Using open-source oceanographic and human-use data, the team identified areas of the gulf suitable for seaweed cultivation. They found roughly 9% of the United States’ exclusive economic zone in the gulf could support seaweed aquaculture, particularly off the west coast of Florida.
“Cultivating seaweed in less than 1% of the U.S. Gulf of Mexico could potentially reach the country’s pollution reduction goals that, for decades, have been difficult to achieve,” said lead author Phoebe Racine, a Ph.D. candidate at UCSB’s Bren School of Environmental Science & Management.
“Dealing with nutrient pollution is difficult and expensive,” Bradley added. The U.S. alone spends more than $27 billion every year on wastewater treatment.
Many regions employ water quality trading programs to manage this issue. In these cap-and-trade systems regulators set a limit on the amount of a pollutant that can be released, and then entities trade credits in a market. Water quality trading programs exist all over the U.S., though they are often small, bespoke and can be ephemeral. That said, they show a lot of promise and, according to Racine, have bipartisan support.
Seaweed aquaculture would fit nicely within these initiatives. “Depending on farming costs and efficiency, seaweed aquaculture could be financed by water quality trading markets for anywhere between $2 and $70 per kilogram of nitrogen removed,” Racine said, “which is within range of observed credit prices in existing markets.”
What’s more, the researchers note that demand is rising for seaweed in food and industry sectors. Potential products include biofuel, fertilizer and food, depending on the water quality, Racine said.
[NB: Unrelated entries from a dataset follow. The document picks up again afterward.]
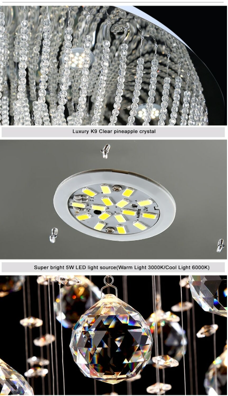 Crystal Chandelier Ceiling Living Room Lobby Lamp Luxury Lighting Fixture Remote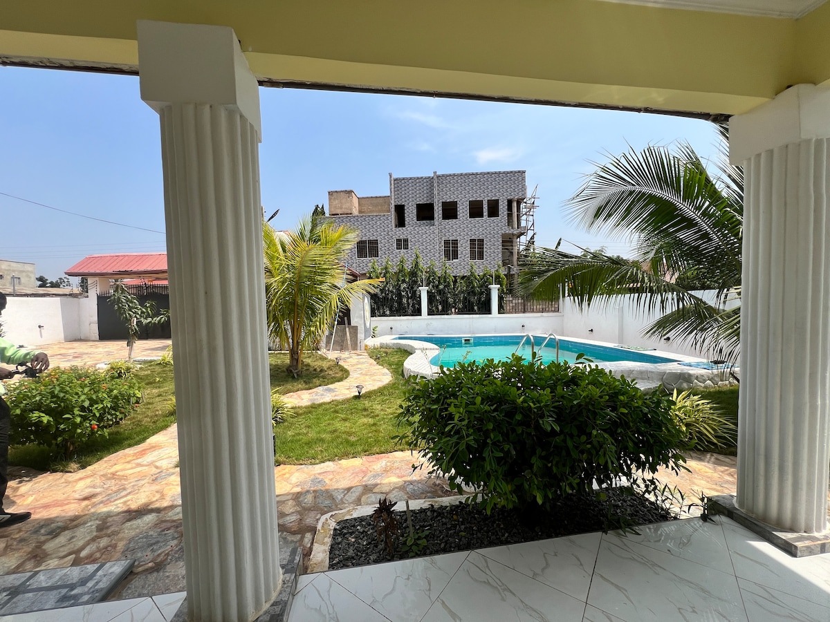 Villa privada de cuatro dormitorios con piscina en una comunidad segura en Tema West. Diseñado para familias y grupos, el alojamiento cuenta con dormitorios con baño privado con DSTV, una cocina totalmente equipada, estacionamiento seguro y uso exclusivo de la piscina y el área al aire libre. Ubicada en una zona residencial tranquila lejos del ruido de la ciudad, la villa ofrece comodidad, espacio y conveniencia.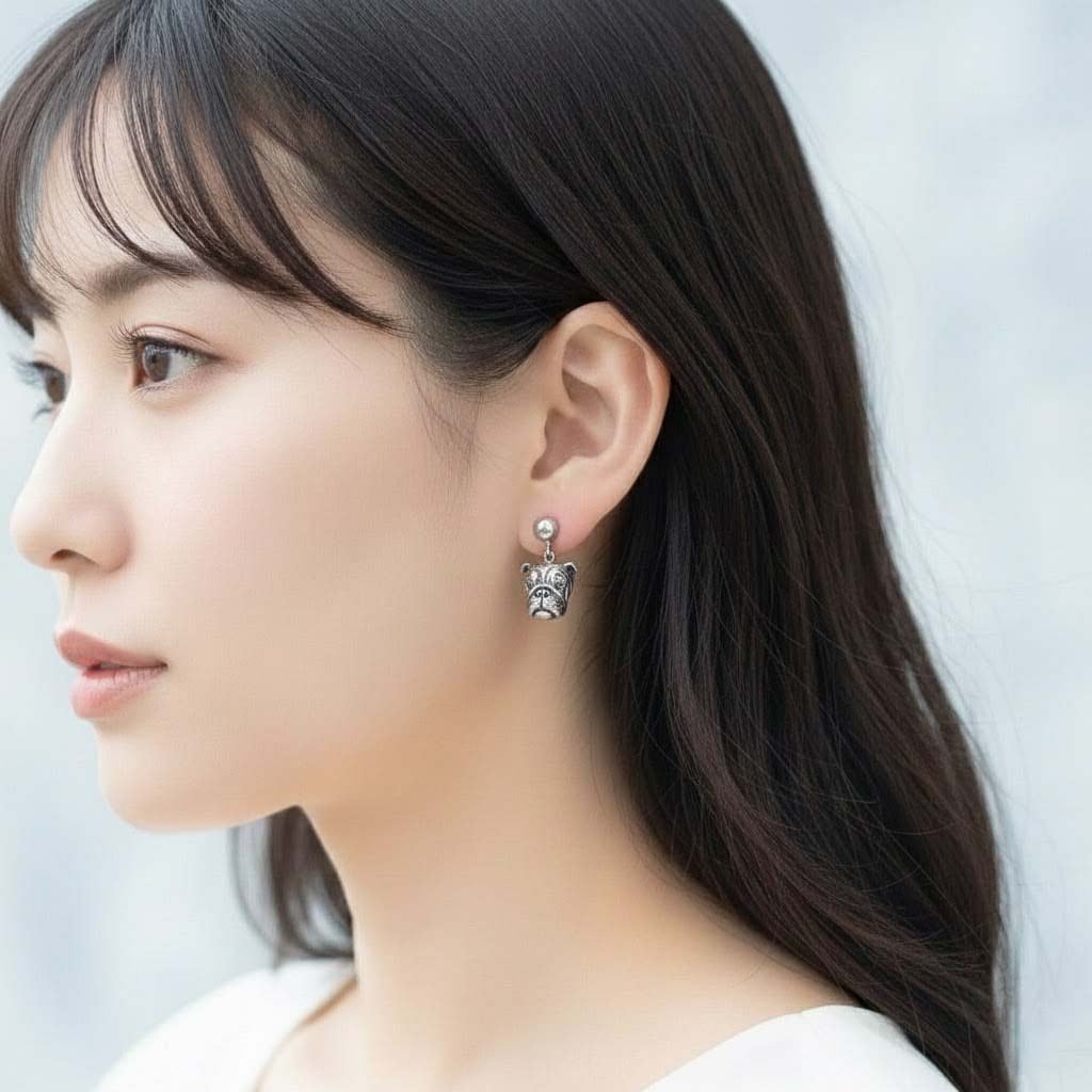 Silver925製のイングリッシュブルドッグのモチーフを使ったイヤリング作品です。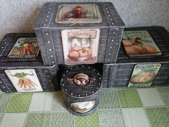 Здравствуйте, дорогие мастерицы. Сегодня хочу поделиться с вами идеей создания органайзеров для хранения овощей. Многие знают, что я не использую супер дорогих материалов, а просто пускаю хлам в дело. Этот раз не исключение, работа выполнена из обычных картонных коробок. Все покрыто лаком, внутри самоклейка, так что можно спокойно их протирать. Они довольно вместительные (картошки помещается целое ведро). Приятного всем просмотра и хорошего настроения. Контейнеры оставлю себе (на день рождения).Они так хорошо смотрятся у меня в кухне. Результатом я осталась довольна.

This means that, unlike many remediation strategies, seaweed aquaculture could pay for itself or even generate revenue.
And the time seems ripe for the authors’ proposal. “The U.S. has traditionally had a lot of barriers to getting aquaculture in the ocean,” Bradley explained. “But there is mounting political support in the form of drafted bills and a signed executive order that could catalyze the expansion of the U.S. aquaculture industry.”
This study is the first of several to come out of the Seaweed Working Group, an interdisciplinary group of researchers looking to understand and chart the potential of seaweed aquaculture’s benefits to society. They are currently investigating a range of other ecosystem services that seaweed cultivation could provide, such as benefits to surrounding fisheries and carbon capture. The researchers are also working on a paper that explores nitrogen and phosphorous removal at the national level with fine-scale scale analysis modeling nutrient removal from native seaweeds off the coast of Florida.
As long as humans continue adding nutrients to the environment, nature will find ways to use them. By deliberately cultivating seaweeds, we can grow algae that we know are benign, helpful, or even potentially useful, rather than the opportunistic algae that currently draw upon these excess nutrients.